Abercrombie & Fitch Hamburg 1
Not from that. I felt sick because my knee was making me nauseous (still
recovering…) and because I read an article about Abercrombie &
Fitch.

When I was 16, I bought a pair of green sweatpants from Abercrombie &
Fitch and I loved them. They had a baby pink and white stripe up the
legs and Abercrombie in white spelled on the tush. Two zippers at the
ankle increased the flare, and I wore them like that to show off my
skater shoes. Only recently did I toss them, they’d seen better days.

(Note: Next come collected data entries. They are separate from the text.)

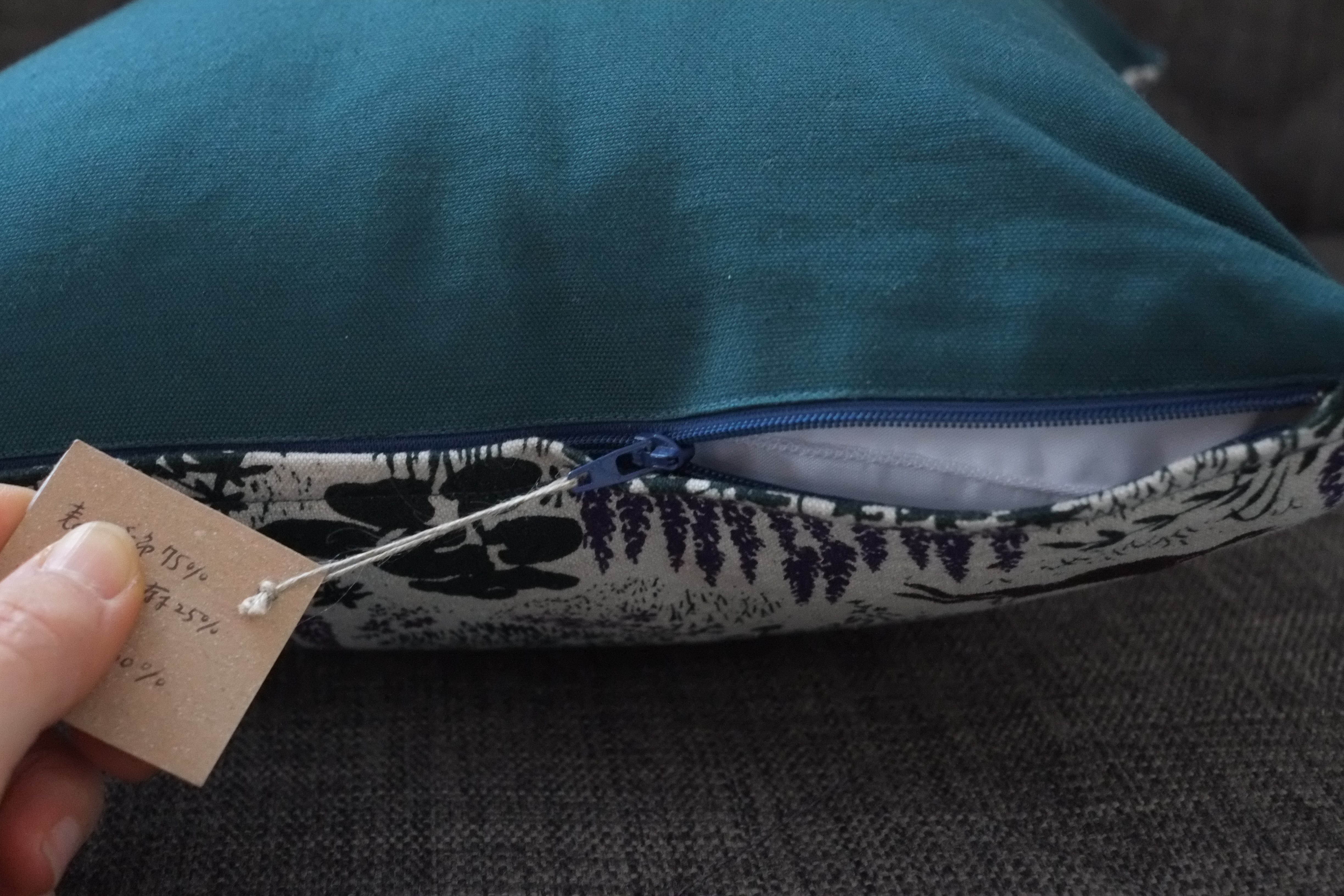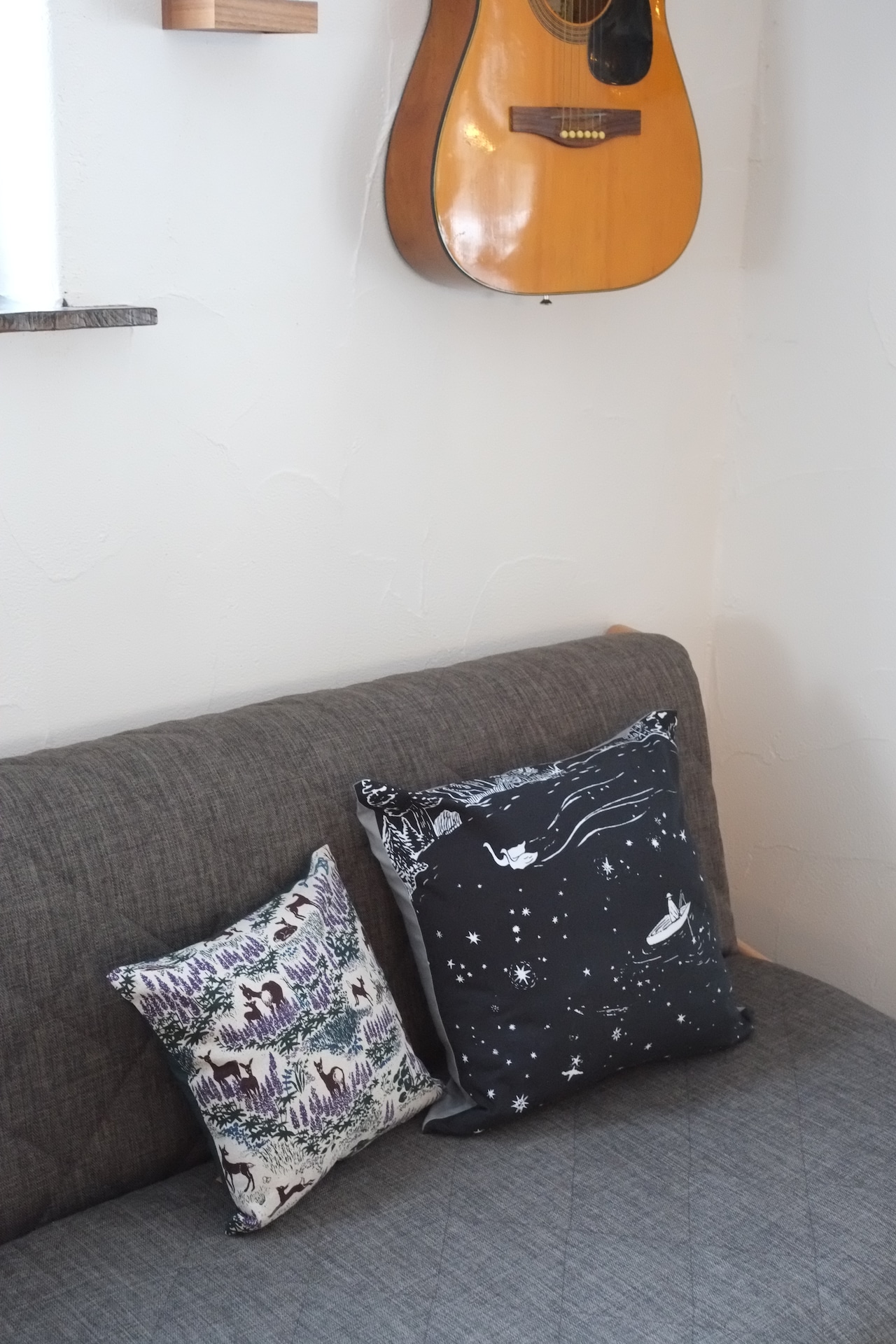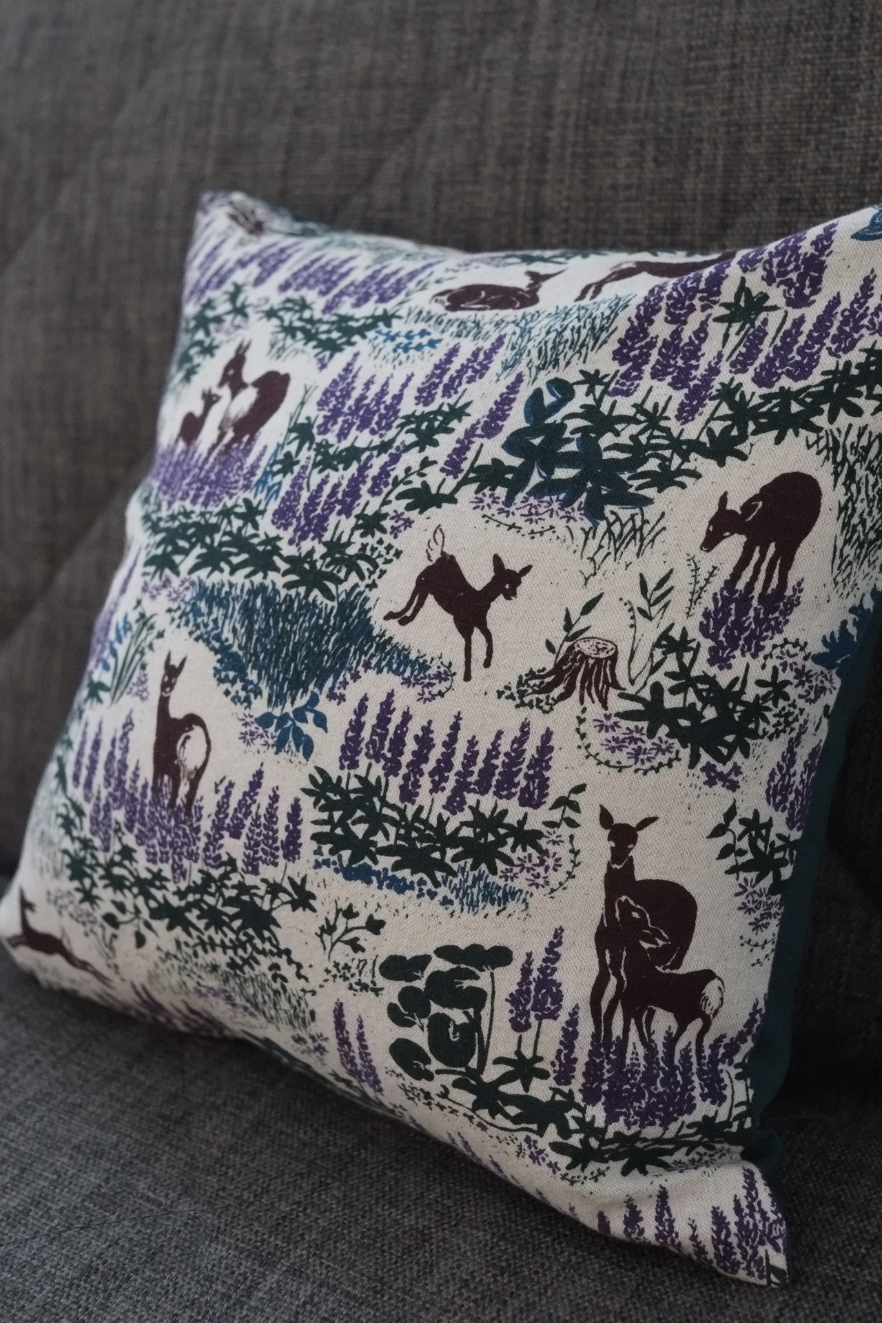ルピナスの花畑で飛び回る鹿の絵柄を染めた生地を、30センチ角クッション用のカバーに仕立てました。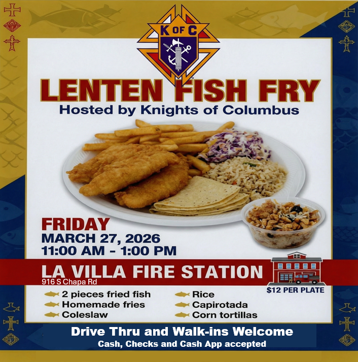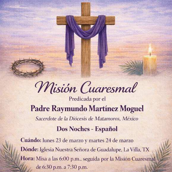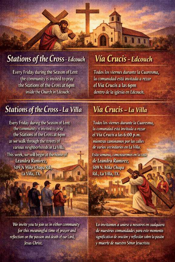 All lectors assigned to read on Palm Sunday, Holy Thursday, Good Friday, and the Easter Vigil are asked to attend a special practice on Wednesday, March 25 at 6:30 p.m. at St. Theresa Church in Edcouch. Copies of the readings will be distributed during the practice. If you are unable to attend, please contact Marissa Martinez or Mary Martinez.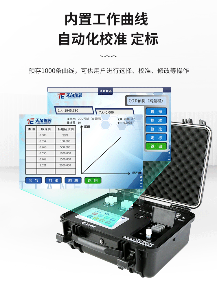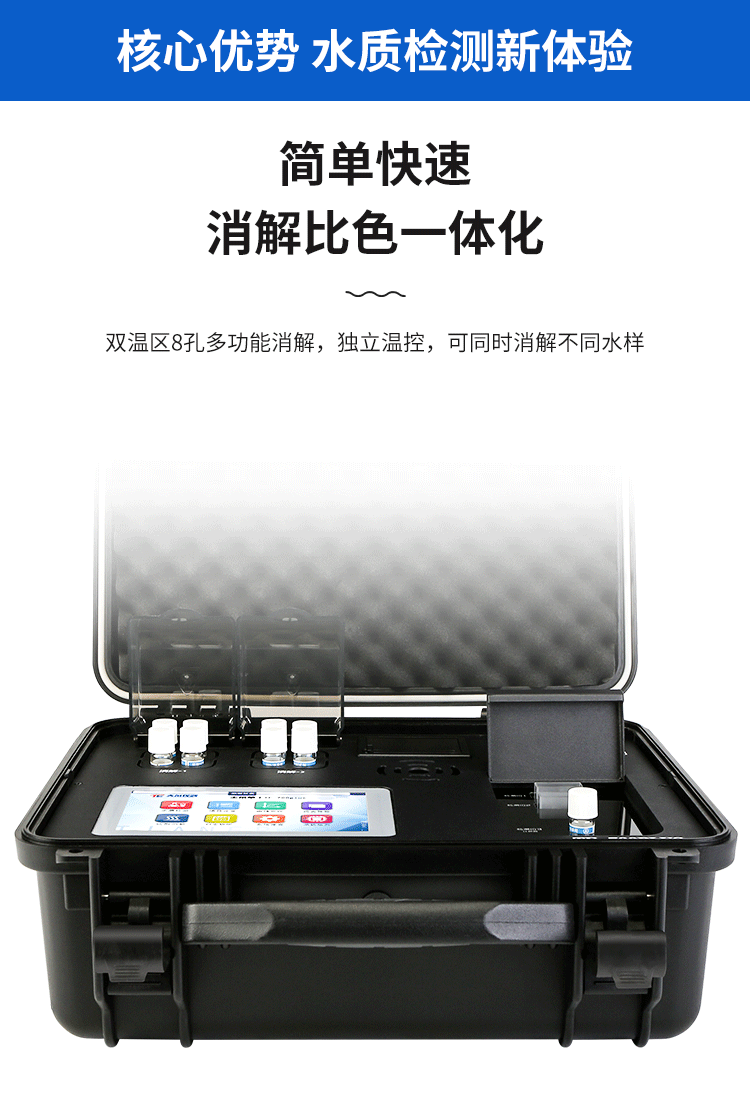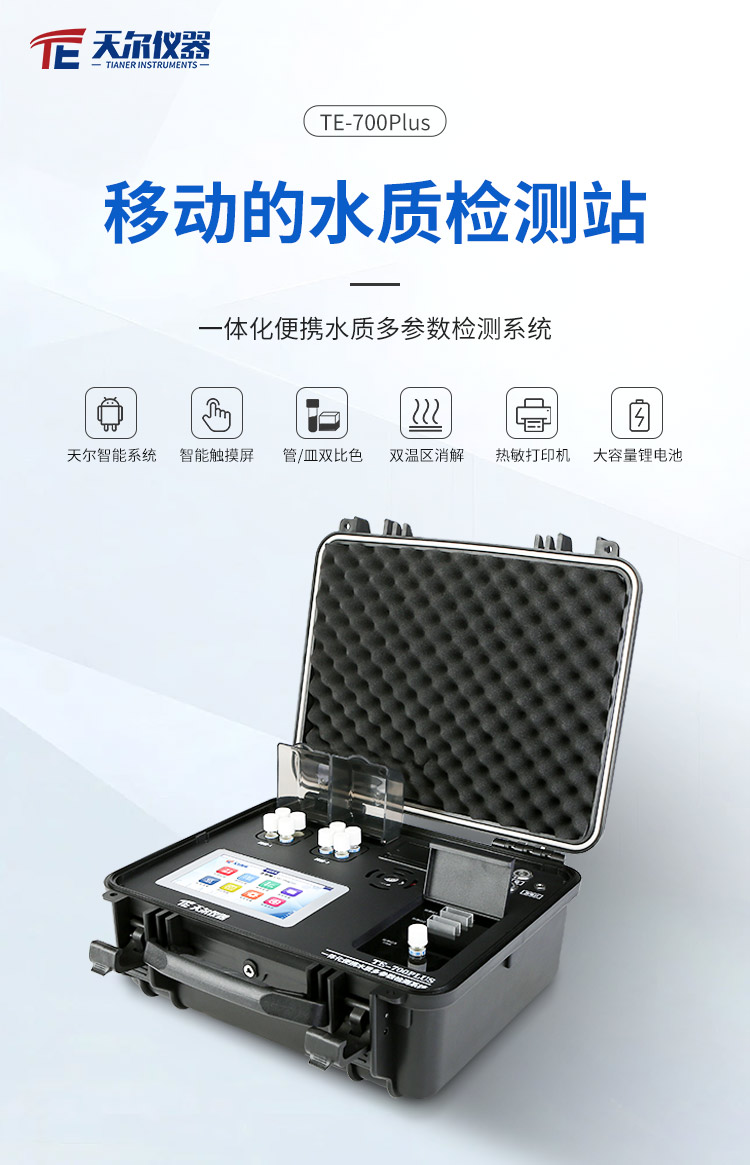 TE-700Plus 合二为一化轻便式地表水多工艺参数判断装置主要包括军用装备级高防度防水涂料手提箱很安全箱合二为一化设计方案,4个360°自然平移式比色管判断装置,2自然比色皿判断结构的,而且可判断一个是一样的废弃物物的水样,双温区消解模快,自立控温,小数化ibms装置,颜色液晶显示器触屏屏,光纤传输判断工艺,原产led灯光,专业化地表水判断仪装置,原机高容积锂电板,TE-💛700Plus 一体化平台化携便式水质监测多规格检侧操作使用系统性动态平衡、在测量准确的、分析区域广、职能巨大、操作使用简略,🍬满足需要 《HJT399—2007水环境监测生物需氧量的判断最快消解分光光度法》《HJ535-2009水环境监测氧化还原电位的判断纳氏免疫试剂分光光度法》《GB11893-89水环境监测总磷的判断钼酸铵分光光度法》论文检测规定要求.

Currently, I’m ashamed I even wore them.

“That’s why we hire good-looking people in our stores. Because good-looking people attract other good-looking people, and we want to market to cool, good-looking people. We don’t market to anyone other than that…Candidly, we go after the cool kids. We go after the attractive all-American kid with a great attitude and a lot of friends. A lot of people don’t belong [in our clothes], and they can’t belong. Are we exclusionary? Absolutely.” – Abercrombie & Fitch CEO Mike Jeffries (via Business Insider)”

I am not saying anything about the size of their clothes. I am not
their demographic and there are far more companies than Abercrombie &
Fitch that limit their sizes. I was floored on my last shopping trip
when I saw the size of a small in Aritzia – sized big enough for a
doll. These companies need to collectively start making clothes that
don’t resemble the ones I had hanging in my Barbie’s dream house.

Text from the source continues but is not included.